Canon Germany mentions prices:

Available April 2012:
EF 24-70mm 1:2,8L II USM > 2299 Euro

Available June 2012:
EF 24mm 1:2,8 IS USM > *829 Euro*
EF 28mm 1:2,8 IS USM > *799 Euro *

Assuming the shops will sell them for somewhat less it's still lots of cash!
Either way. Missing IS on the EF 24-70mm 1:2,8L II USM or rather adding IS to the 24/28mm


----------



## ntranc19 (Feb 7, 2012)

Are you kidding me? 
Same price as 24-105L

Around $300 i wish


----------



## Nassen0f (Feb 7, 2012)

Looks like il go for the old 28mm 2.8 if thats the price...


----------



## edmund (Feb 7, 2012)

Holly crap that's expensive.

I'm still somewhat baffled that it's only a f2.8.
Since the 28mm f1.8 has to be stopped down to get decent photos, this is something I could live with. But the prices are ridiculous. Even if they drop to 600€, that's still to much.
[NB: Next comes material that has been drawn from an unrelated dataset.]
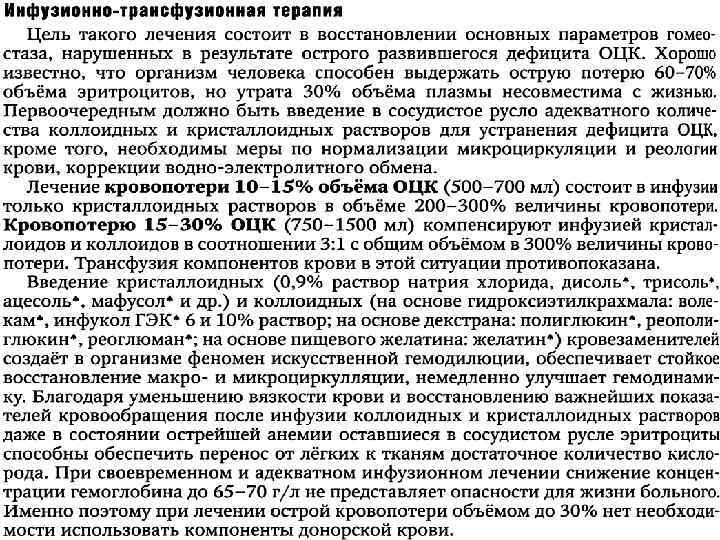 До настоящего времени при возмещении кровопотери достаточно широко используют также средне- молекулярные растворы декстрана, такие, как декстран-70* или его отечественный аналог полиглюкин*. Они эффективно повышают коллоидноосмотическое давление крови и длительно удерживаются в сосудистом русле. Вместе с тем декстраны обладают достаточно высокой реактогенностью и могут вызывать анафилактоидные и анафилактические реакции. Суточная доза декстранов не должна превышать 1000 мл. Введение больших объёмов растворов приводит к возникновению «декстранового ожога почки» и блокирует ретикуло- эндотелиальную систему. Остальные коллоидные плазмозаменители ещё в меньшей степени отвечают требованиям медикотактической обстановки и патогенетическим концепциям. Например, желатины задерживаются в кровеносном русле всего 2 -3 ч и к тому же обладают выраженным гистаминоподобным действием и сами могут вызывать снижение АД. Особого внимания заслуживает проблема воздействия коллоидных плазмозаменителей на систему свёртывания крови. Препараты гидроксиэтилированного крахмала практически не влияют на неё, а растворы на основе декстрана занимают первое место среди коллоидов по отрицательному воздействию на эту систему. Они блокируют адгезивные свойства тромбоцитов и снижают их функциональную активность, уменьшают активность факторов II, V и VII, тем самым замедляют свёртывание крови и препятствуют остановке кровотечения. Их способность обволакивать поверхность эритроцитов может служить препятствием при определении группы крови пострадавшего пациента. Растворы декстранов при кровопотере целесообразно использовать после надёжной остановки кровотечения. Желатин также в существенной степени ингибирует агрегацию тромбоцитов, что может приводить к усилению кровотечения. Введение 1500 мл раствора желатина создаёт ситуацию, по симптомам аналогичную болезни Виллебранда.

I've been wanting a near normal lens (crop camera) for a while now, almost bought the 28mm 1.8. These prices make me think why I haven't bought one already...


----------



## LuCoOc (Feb 7, 2012)

They both better be incredible if they want 800€ . I got my 100L for that! A few months ago I asked for a 35mm crop-equivalent and now that we finally have one this is too much. I'd get the 24mm for 300€ maybe 350€... 
The 24mm 1.4L isn't that much more expensive ~1400€ (amazon.de)
come on canon you can't do that :

Edit: after looking at the price for the old 24mm 2.8 I could find myself paying 500€. The old one was ~450€. +350€ for IS and USM? That's the way it goes...


----------



## Raddy (Feb 7, 2012)

For comparison only:
Canons recommended retail price for the EF 70-200 2.8L IS II USM is 2399 Euro. My local dealer sells it for 1899 Euro. Actually I never saw any shop selling any canon items at the recommended retail prices, even the first day available. But I doubt seeing the 24mm respectively 28mm at prices around 600 Euro, more likely 699/729 Euro.
And that's a ton of cash... 
Now imagine a possible 50mm 1.4 *IS* USM would be around the corner.  All those people waiting for a MarkII might see a IS version, but at what price? Then I'd prefer a much cheaper non-IS version.


----------



## pdirestajr (Feb 7, 2012)

I actually just recently picked up the 24 f2.8 for 300USD so I don't have any buyer's remorse after seeing the MSRP!
The old 24 is actually quite nice- focuses fast, is small and actually had hard stops on MF!


----------



## cx1 (Feb 7, 2012)

"Externally, both models also boast a number of design similarities with Canon’s professional L-series lenses, with a similar coating on the barrel and a similar design on the focus ring."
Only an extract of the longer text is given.